▶ **Raw data**

* * * * * * *

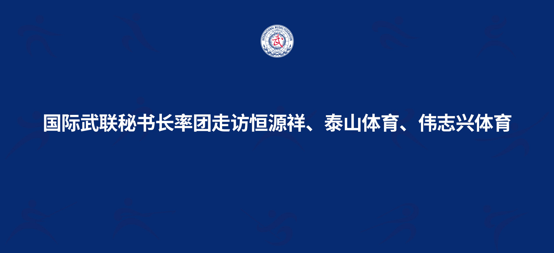 近日,国际武术联合会张玉萍秘书长率团对合作伙伴恒源祥集团、供应商山东泰山体育器材有限公司、福建伟志兴体育用品有限公司进行工作访问。此次走访旨在深化战略合作,共同推动国际武术事业高质量发展。
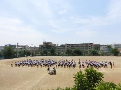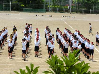 体育の授業、学年練習と準備してきた体育大会も今週末になりました。今日は、3年ぶり、はじめての全校練習となりました。校庭に全校生徒が「ビシッ」と並ぶ姿。泣きそうになりました。
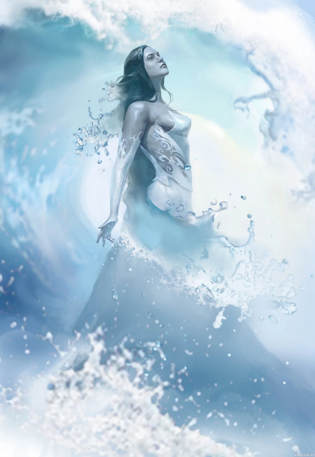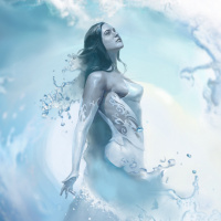 The image features a woman submerged in water, with her upper body visible above the surface. She appears to be embracing the water or perhaps floating, as her arms are outstretched and she seems at peace with her surroundings. The background is painted in shades of blue that suggest
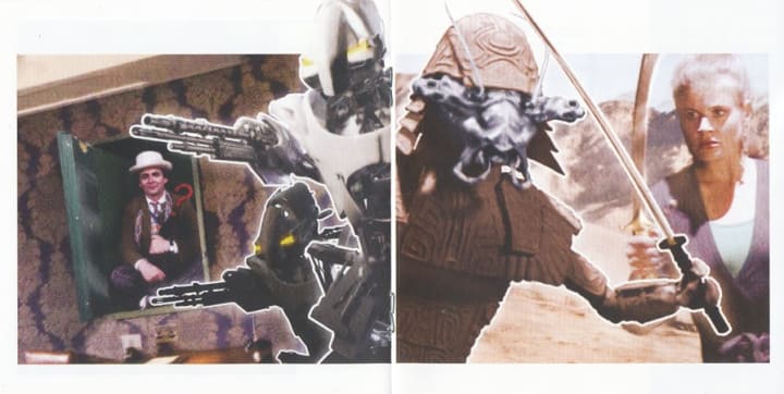 Like I mentioned above, the plot for this story is utterly mad, and I would have been interested to see how it would have been realised on screen. In London, safecracker and cat-burglar Raine Creevy breaks into a safe that just happens to contain a strange little man with a question-mark umbrella. In Scotland, an off-the-books facility contains a device not of this world. And in a war-torn Middle Eastern region, a warring prince and an embittered Soviet colonel find themselves besieged by alien warriors known as the Metatraxi... As you can see from the above, "Crime of the Century" is all over the place. It jumps from set piece to set piece, and isn't afraid to go faster than the audience can keep up. This does mean, however, that it is very light on plot, and, as such, any sense of logic is pretty much thrown out of the window. The audience does need to pay attention to this one, because it is very easy to get lost, and perhaps making some concessions to the audience might have avoided making this one seem quite so impenetrable. A lot of the ideas do end up feeling rather disconnected, and I'm not entirely convinced writer Andrew Cartmel has been able to produce a completely coherent plot that flows from A to B. Instead, we jump around different locals like a posh garden party, the east end of London, the war-torn region of Kafiristan and finally a secret facility on the Scottish borders, and, as a result, it ends up feeling more like a double-length episode of The Avengers rather than Doctor Who. This even comes down to new companion Raine. Clearly inspired by Diana Rigg's Emma Peel, Raine is someone who can handle herself in a number of situations: flying helicopters, fighting robots and especially opening safes. While in a similar vein to Ace, she is someone who is rather different, and her relationship with the Doctor is different as a result. Like Benny, her and the Doctor are more like intellectual equals, and, despite their standoffish introduction, they make for a fantastic team. It's a shame she only encounters Ace in the dying moments of the final episode, as there is the possibility for some potentially interesting directions between the two, considering the vast differences between them. Of course, Ace was never meant to be in the original version of this story, and her subplot about being sent off to Kafiristan ends up feeling more like it was designed to get her out of the way, rather than in any way to advance the story. At least it shows off a more mature side to Ace, something that they were planning to implement in future stories.

* * * * * * *

▶ **Task directions**
Skip every picture, and give the rest of the material above again exactly.

▶ **Solution**
 近日,国际武术联合会张玉萍秘书长率团对合作伙伴恒源祥集团、供应商山东泰山体育器材有限公司、福建伟志兴体育用品有限公司进行工作访问。此次走访旨在深化战略合作,共同推动国际武术事业高质量发展。
 体育の授業、学年練習と準備してきた体育大会も今週末になりました。今日は、3年ぶり、はじめての全校練習となりました。校庭に全校生徒が「ビシッ」と並ぶ姿。泣きそうになりました。
 The image features a woman submerged in water, with her upper body visible above the surface. She appears to be embracing the water or perhaps floating, as her arms are outstretched and she seems at peace with her surroundings. The background is painted in shades of blue that suggest
 Like I mentioned above, the plot for this story is utterly mad, and I would have been interested to see how it would have been realised on screen. In London, safecracker and cat-burglar Raine Creevy breaks into a safe that just happens to contain a strange little man with a question-mark umbrella. In Scotland, an off-the-books facility contains a device not of this world. And in a war-torn Middle Eastern region, a warring prince and an embittered Soviet colonel find themselves besieged by alien warriors known as the Metatraxi... As you can see from the above, "Crime of the Century" is all over the place. It jumps from set piece to set piece, and isn't afraid to go faster than the audience can keep up. This does mean, however, that it is very light on plot, and, as such, any sense of logic is pretty much thrown out of the window. The audience does need to pay attention to this one, because it is very easy to get lost, and perhaps making some concessions to the audience might have avoided making this one seem quite so impenetrable. A lot of the ideas do end up feeling rather disconnected, and I'm not entirely convinced writer Andrew Cartmel has been able to produce a completely coherent plot that flows from A to B. Instead, we jump around different locals like a posh garden party, the east end of London, the war-torn region of Kafiristan and finally a secret facility on the Scottish borders, and, as a result, it ends up feeling more like a double-length episode of The Avengers rather than Doctor Who. This even comes down to new companion Raine. Clearly inspired by Diana Rigg's Emma Peel, Raine is someone who can handle herself in a number of situations: flying helicopters, fighting robots and especially opening safes. While in a similar vein to Ace, she is someone who is rather different, and her relationship with the Doctor is different as a result. Like Benny, her and the Doctor are more like intellectual equals, and, despite their standoffish introduction, they make for a fantastic team. It's a shame she only encounters Ace in the dying moments of the final episode, as there is the possibility for some potentially interesting directions between the two, considering the vast differences between them. Of course, Ace was never meant to be in the original version of this story, and her subplot about being sent off to Kafiristan ends up feeling more like it was designed to get her out of the way, rather than in any way to advance the story. At least it shows off a more mature side to Ace, something that they were planning to implement in future stories.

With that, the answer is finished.